En Chine, l’armoise annuelle (Artemisia Annua) est un incontournable de l’herboristerie traditionnelle, utilisée en infusion ou en macération pour calmer notamment les fièvres et les infections pulmonaires. C’est à partir d’elle qu’a été isolée l’Artémisinine, molécule désormais utilisée dans de nombreux médicaments antipaludiques à travers le monde, en alternative ou en complément à la chloroquine.

Inspirée par les savoirs-faires traditionnels, l’étude de ces propriétés a même valu à la chercheuse chinoise Tu Youyou le prix nobel de médecine en 2015. C’est cette variété qui est aujourd’hui scrutée avec attention dans la lutte contre le Coronavirus. 

En Afrique, l’Artemisia Afra, est cultivée dans la plupart des pays du continent. Elle est devenue un outil bon marché de lutte contre le paludisme, du fait de ses propriétés antiparasitaires. Et ce, en dépit de réserves de l’OMS. 

En France, une plante médicinale et un alcool sulfureux

En France, l’armoise commune (Artemisia Vulgaris) ressemble beaucoup à l’ambroisie, prenant la forme de petits buissons odorants, qui fleurissent en fin d’été. Ses propriétés étaient connues des gaulois, utilisée pour soulager la fatigue, les problèmes gastriques, des tensions musculaires ou les règles douloureuses.

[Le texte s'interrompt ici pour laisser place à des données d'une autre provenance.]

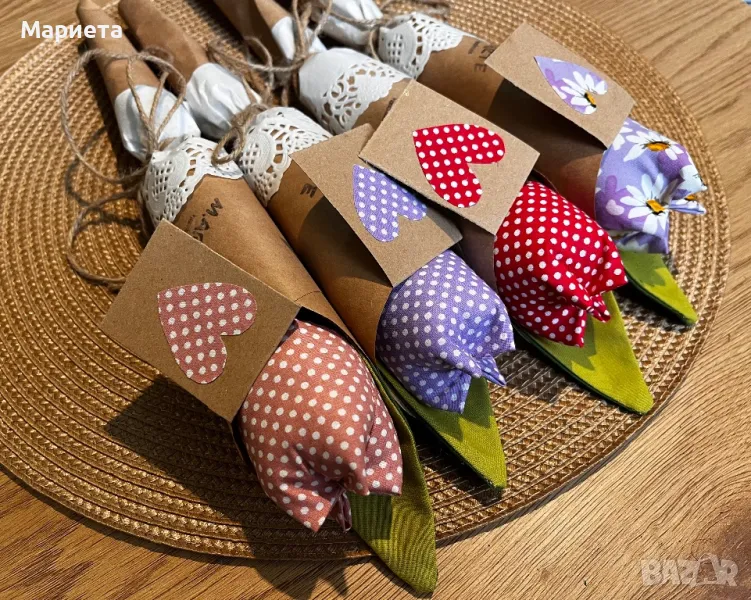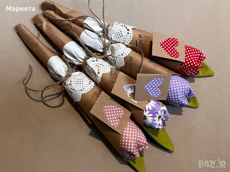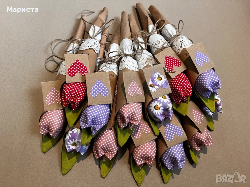 Лалета Текстилни Цветя Ръчна Изработка Букет Лалета лалета от плат → Обява 49317859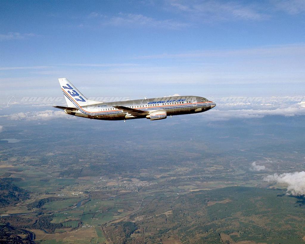 The 737-300 took advantage of a longer body, more efficient engines, an advanced-technology flight deck, and lightweight materials to make it the most economical new-technology twinjet in its class at the time of its first flight on February 24, 1984.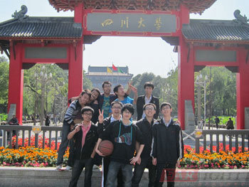 | 圖七、球場合影:換個角度! | 圖八、川大合影:真喜慶 |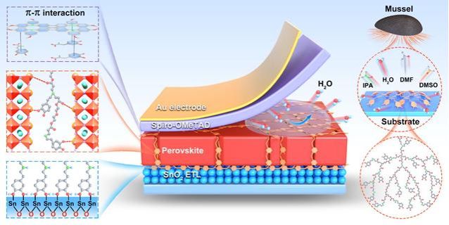 图1. 超支化多巴胺聚合物在钙钛矿中构建三维支架结构实现湿度粘附的示意图。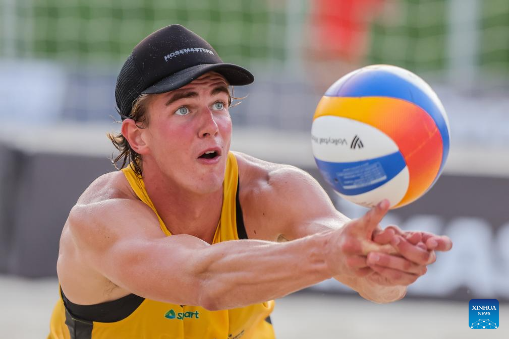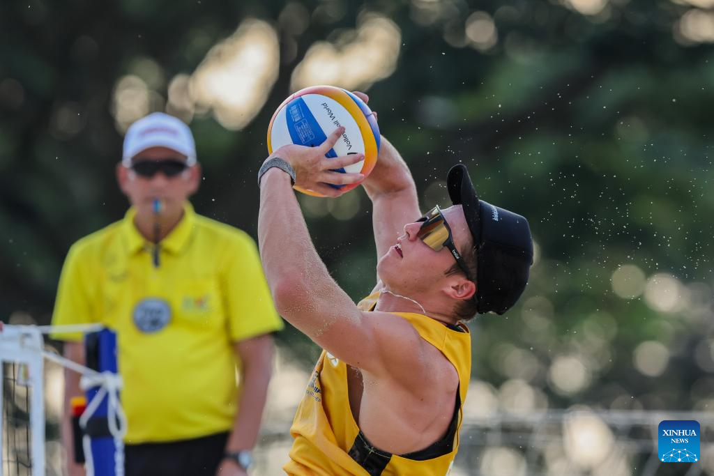 Joshua Howat of Australia competes during the men's round 16 match between Joshua Howat/Luke Ryan of Australia and Kurokawa Kai/Adachi Ryuichi of Japan at the Asian Volleyball Confederation (AVC) 2024 Asian Senior Beach Volleyball Championships in Laguna Province, the Philippines, on Nov. 8, 2024. (Xinhua/Rouelle Umali)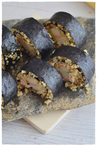 Esta versión sana del sushi llevó viéndola en redes sociales bastante tiempo, y vasta que me guste tanto la quinoa para probarlo.

Au grès des époques et des régions, ses nombreux surnoms (ceinture de Saint-Jean, herbe aux cent goûts, herbe, herbe de feu…) témoignent de sa constante utilisation par la médecine populaire mais aussi en cuisine, notamment pour parfumer et attendrir les viandes. 

Facile à planter ou à trouver à l’état sauvage, on profitera du printemps pour cueillir de jeunes pousses d’armoises et parfumer salades et omelettes. En fin d’été, on ramassera et séchera ses feuilles pour en faire des infusions. Attention toutefois, si elle possède de nombreuses vertus, l’artemisia peut aussi se révéler toxique à forte dose, aussi nous garderons nous des cures prolongées et prendrons garde aux contre-indications (femmes enceintes notamment). 

Notons d’ailleurs que c’est de la distillation d’une autre variété d’armoise, l’Artemisia absinthium, qu’est tirée l’absinthe, alcool redoutable et longtemps interdit en France. “La juste mesure”, nous disaient déjà les grecs.